As Lee remarked in 1993 to an international audience, “Once a political system has been corrupted right from the very top leaders to the lowest rungs of the bureaucracy, the problem is very complicated…”. His answer was to inculcate moral leadership qualities both in his ministers, his party-political team, the public institutions, their CEOs and allow the anti-corruption agency the freedom to investigate and take matters to courts, even if the defaulters had been long-time allies or close aides.
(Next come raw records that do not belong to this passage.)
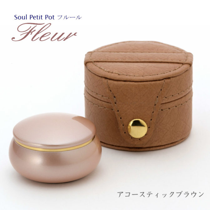 おしゃれでかわいい携帯ケース付ミニ骨壷 ソウルプチポットフルール 【アコースティックブラウン】
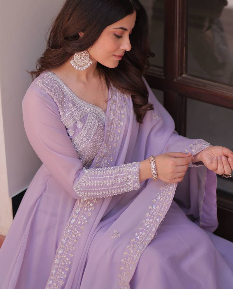 Women georgette rich & sequins embroidered work gown & kurta set for women stitched
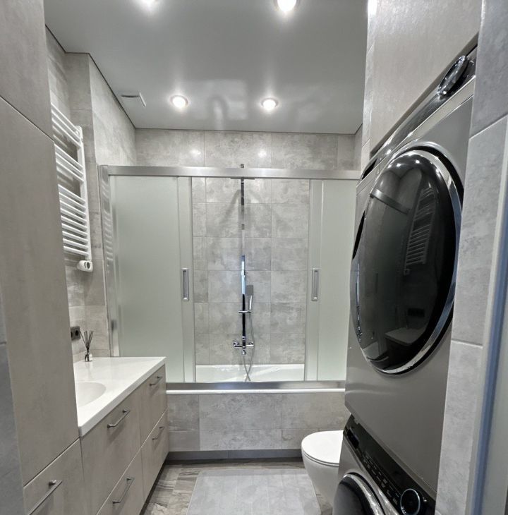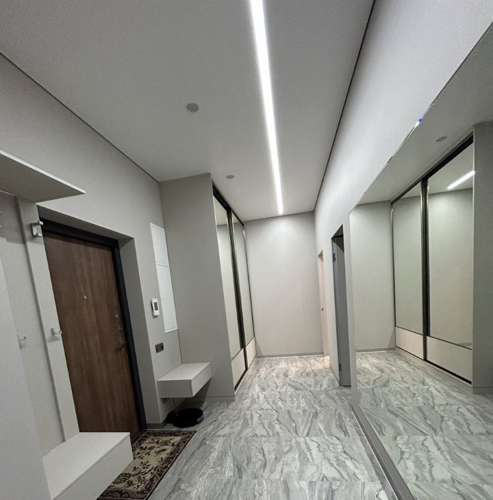 Высокие потолки, кондиционеры, теплый пол, несколько сценариев освещения, удобные системы хранения, панорамный вид открывающийся с 27 этажа, интерьер продуманный до мелочей, качественная мебель и техника - все для комфорта арендатора.
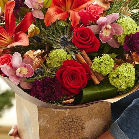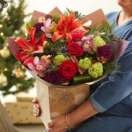 An expertly hand-crafted bouquet delivered perfectly pre-arranged. Jolly festive tones for a truly Christmassy feel.
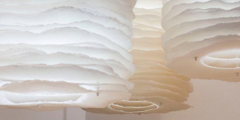 Et on termine notre sélection avec un autre designer français, Jean Luc Mare. Cet ancien graphiste publicitaire est tombé amoureux du papier, à tel point qu’il s’est mis à fabriquer des suspensions, des appliques et des lampes à poser à partir de ce matériau. Constituées de fines couches de papier, telles un millefeuilles, les luminaires de Jean Luc Mare à l’allure japonisante laissent passer une lumière douce, pour une ambiance élégante et raffinée, bref, tout ce qu’on aime!
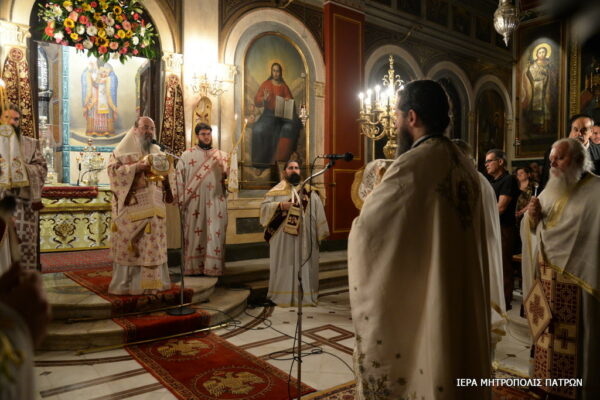 Ὁ Σεβασμιώτατος Μητροπολίτης Πατρῶν κ.κ. Χρυσόστομος, ἐχοροστάτησε καί ἐλειτούργησε στήν Ἱερά Ἀγρυπνία τήν Δευτέρα 10.6.2019, ἡ ὁποία ἐτελέσθη στόν Ἱερό Μητροπολιτικό Ναό ΕὐαγγελιστρίαςΠατρῶν, μέ τήν συμμετοχή πλήθους Λαοῦ.
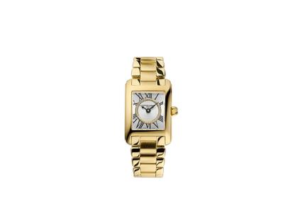 Quarzwerk FC-200 mit einer Batterielaufzeit von 72 Monaten, poliertes Edelstahlgehäuse gelbgoldfarben-PVD beschichtet mit den Abmessungen von 30,0 x 21,0 mm, Höhe 5,8 mm, Edelstahl-Krone gelbgoldfarben-PVD beschichtet, weißes Sonnenschliff-Zifferblatt mit Guilloché-Muster und Diamant-Kranz bestehend aus 35 Brillanten zusammen 0,060 ct, schwarzer Stunden- und Minutenzeiger, schwarze römische Ziffern, poliertes Edelstahlarmband mit Faltschließe gelbgoldfarben-PVD beschichtet, Saphirglas entspiegelt, Edelstahl-Gehäuseboden, 3 bar wasserdicht
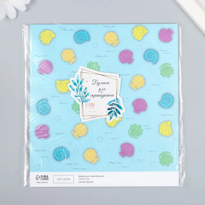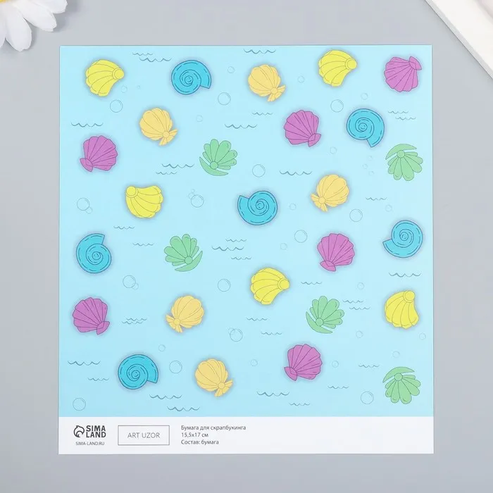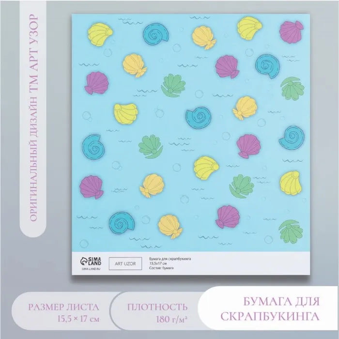 Бумага для скрапбукинга «Морские ракушки», плотность 180 г, 15.5×17 см — Характеристики
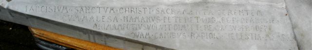 Grand MARBRE blanc, avec inscription latine composée par le pape Damase aux catacombes de Saint-Calixte: " Alors que Saint-Tarcisius portait le sacrement du Christ, une bande de forcenés lui demanda de le remettre en des mains profanes ; mais lui, jeté à terre, préféra donner sa vie plutôt que de livrer le corps céleste à des chiens enragés ".
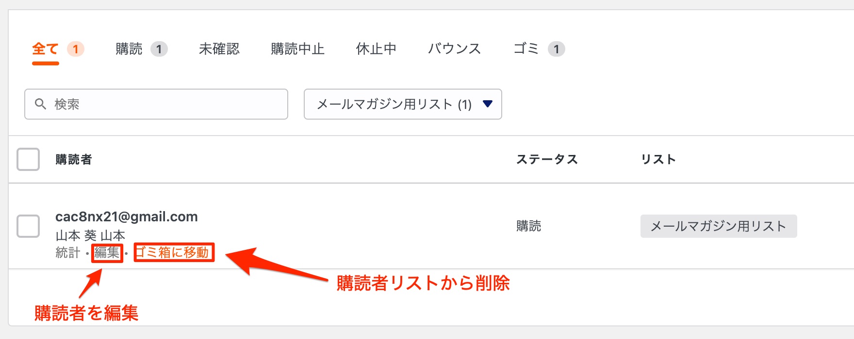 運営者はメールマガジン購読者の一覧を表示し、必要に応じて購読者の情報を編集したり、購読者リストから削除することができます。
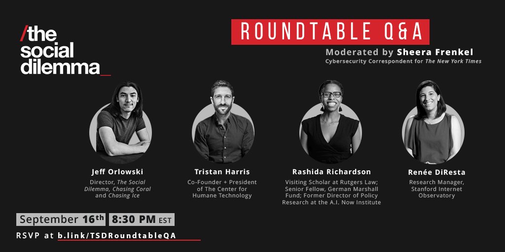 Now is the time to talk about how we can realign technology w/the interests of humanity. Join on 9/16 at 8:30 PM EST for a Q&A feat. the filmmakers & select subjects from #TheSocialDilemma. Moderated by @sheeraf, Cybersecurity Correspondent for @nytimes https://t.co/ZKvS84EB2q. pic.twitter.com/qT01duscoL
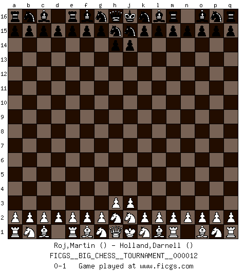Last move : 0-1 2007 October 8 6:0:16 [Event "FICGS__BIG_CHESS__TOURNAMENT__000012"] [Site "FICGS"] [Date "2007.09.08"] [Round "1"] [White "Roj,Martin"] [Black "Holland,Darnell"] [Result "0-1"] [WhiteElo ""] [BlackElo ""] 0-1 This big chess game has been lost on time (started : 2007.09.08 1:54:3) Follow this game move after move (download)You may learn much more from a game you lose than from a game you win. You will have to lose hundreds of games before becoming a good player. (Jose Raul Capablanca) Konzentriere dich auf materielle Gewinne. Nimm, was dir dein Gegner gibt, ausser es gibt einen guten Grund der dagegenspricht. (Robert James Fischer) En posiciones complicadas, Bobby Fischer pocas veces tuvo que temer de cualquiera. (Paul Keres) On n'a jamais que l'âge auquel on a commence à jouer aux échecs car après on cesse de vieillir. (Capablanca) Good luck. You're gonna need it. (Han Solo in Star Wars ep.6)
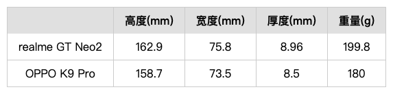 機(jī)身對(duì)比,左GT Neo2,右K9 Pro
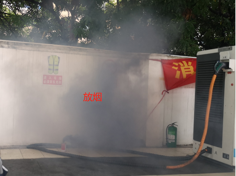 1.放煙-模擬充電樁模塊爆炸(點(diǎn)燃煙霧彈)
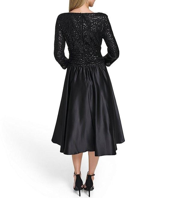 Jessica Howard Sequin V-Neck 3/4 Sleeve Satin Skirt Dress

Not an easy feat by any means in a small city-island with, like us, its social, family and business networks but the lessons steeped in and the legacy has endured to date.

In a topical MT editorial on January 28th 2022 on Corruption and the necessity for freedom of information and transparency of public sector processes, we read the following: “Set against such glaring evidences of financial misdemeanours, the record of ICAC [our anti-corruption agency] to fearlessly track and tackle wrongdoers, leaves much to be desired… As for its sister agencies, the CCID and MCIT, charged with investigating fraud or other criminal activity, their track record in what has become the tragic and cold-blooded murder of an MSM activist who threatened in frustration, it seems, to spill the beans on corrupt practices to which he was party, the Kistnen saga, has seen the summum of unknown unknowns despite the DPP-ordered judicial enquiry.”

Whether such gross ineffectuality is due to a now ingrained pervasive culture of tolerance towards short-cuts, or to widespread ring-kissing of political top-brass or to political affiliations, it does impose some necessity on the political leadership in Opposition, in its various hues and in its alliance discussions, to make known its unwavering stand on such issues as 2023 rolls out. In Navin Ramgoolam, Paul Berenger and Xavier Duval, bulwarked by some new energies, they have the record and experience, the savviness and the vision to leave aside petty egos and differences to take up the challenge of digging the country, its democratic functioning, its desolate institutions and its lacklustre top cadres out of their harmful current state.